Why is Titan so squidgy?

The Cassini spacecraft has made measurements of how much Saturn's moon Titan changes shape each time it circles Saturn, uncovering strong new evidence for liquid water...
04 July 2012


The Cassini spacecraft has made measurements of how much Saturn's moon Titan changes shape each time it circles Saturn, uncovering strong new evidence for liquid water beneath the moon's surface. 

Writing in the journal Science, Luciano Iess and his colleagues measured how much Titan deforms on each orbit due to the tides it feels from Saturn's gravitation field - the fact that Saturn's gravitational field is stronger on the side facing its parent planet than on the far side. 

Their paper models Titan as if it were an elastic ball that is compressed by these tides, and because Titan's orbit isn't perfectly circular, its distance from Saturn changes over the course of each orbit, and the degree of compression changes. 

Using this to measure Titan's elasticity gives clues as to what the moon is made of and what lies beneath its surface. Crucially, Iess's team argues that the amplitude of the deformation is so large - around 10 metres - that Titan appears far more elastic than any known rock. That suggests the presence of a liquid layer beneath the surface which is able to flow on a global scale.

SaturnSpeaking to me this week from the University of Rome where he is based, Iess explained the effect by using the Earth as a point of comparison. 

"In addition to the [Earth's] ocean tides, also the crust of the Earth deforms with tides which have an amplitude of around 40cm", he explains, adding that the deformation could only be this large because the Earth has liquid magma which is able to flow beneath its surface. 

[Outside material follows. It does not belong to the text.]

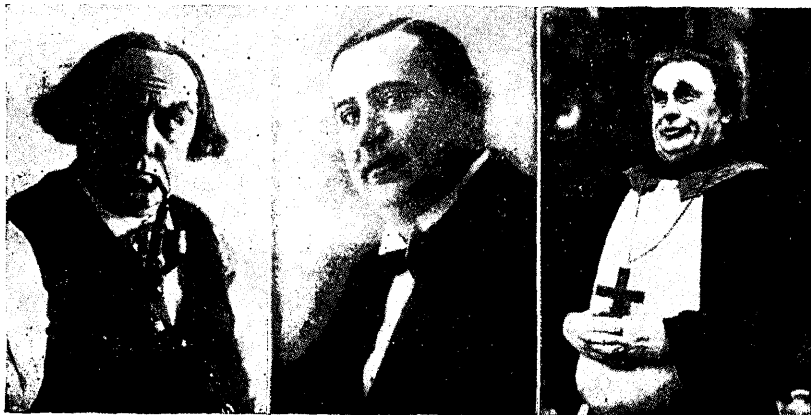
A. Kitzberg'i „Kauka Jumal'as“ Mogri Mardi os.

"If Titan were completely solid - made completely of rocks - it would not be deformed much.  While we have seen tides that correspond to a deformation of around 10m, if Titan were completely solid, the deformation would have been maximum one metre".

His conclusion is that Titan too must have a liquid beneath its surface, and the measured elasticity is a good match to the viscosity and density of free-flowing liquid water.

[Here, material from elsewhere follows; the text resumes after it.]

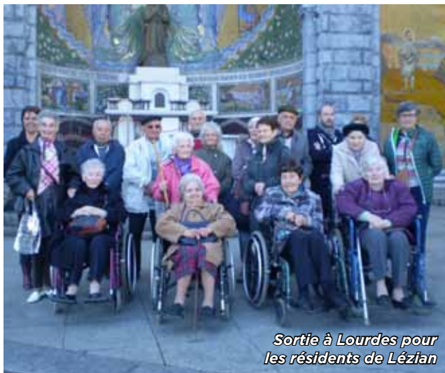
Sortie à Lourdes pour les résidents de Lézian

These measurements are the culmination of data collected over several years. The Cassini spacecraft has been orbiting Saturn since 2004, and has made six close fly-bys of Titan in that time.  Although the deformation of Titan's surface is too small to see in photographs, it produces tiny changes in Titan's gravitational field, which in turn affected how Cassini's trajectory was deflected by Titan on each close approach.  Though these changes were tiny, the positions of spacecraft are routinely monitored to such high precision that even small forces changing their paths can be identified and measured.

One of the reasons why discoveries of liquid water elsewhere in the Solar System attract particular interest is that it is almost certainly necessary for life.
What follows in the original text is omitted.